Here's how I imagined this:

[package]
name = "serde_user"
version = "1.0.0"

[dependencies]
serde = { version = "1", pub = true } # this is just a lint

[package]
name = "serde_user_user"
version = "1.0.0"

[dependencies]
serde = { version = "1.0.189" } # this determines the actual version -- warns if broader than what is required by serde_user
serde_user = { version = "1", dependencies = { serde = "serde" } } # make serde-user use serde defined as serde in this crate's dependecies

This gives crate authors greater flexibility for managing and synchronizing dependencies of dependencies.
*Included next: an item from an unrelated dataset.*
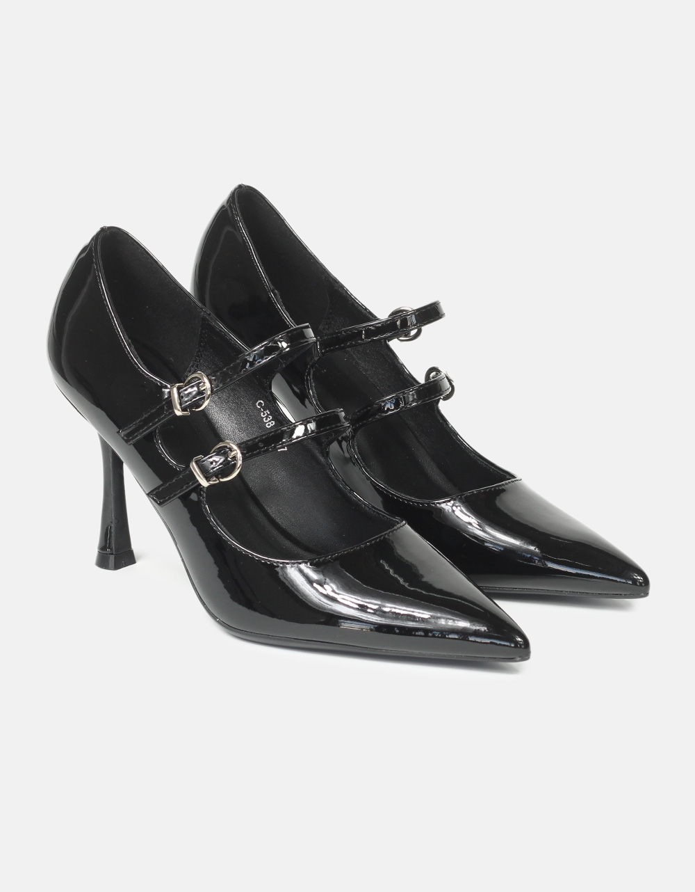 Μονοχρώμες λουστρίνι γόβες με διπλή μπαρέτα και λεπτό τακούνι Μαύρο

This would also allow multiple versions / copies of the same crate to coexist in the same subtree:

[package]
name = "complex_package"
version = "1.0.0"

[dependencies]
public_serde = { package = "serde", version = "1", pub = true }
serde_08 = { package = "serde", version = "0.8" }

public_serde_user = { version = "1", dependencies = { serde = "public_serde" } }
old_serde_user = { version = "1", dependencies = { serde = "serde_08" } }

Does this make sense? Does it have issues I didn't think of? (I'm sure it has...) Would it be too much effort to implement this in the current RFC?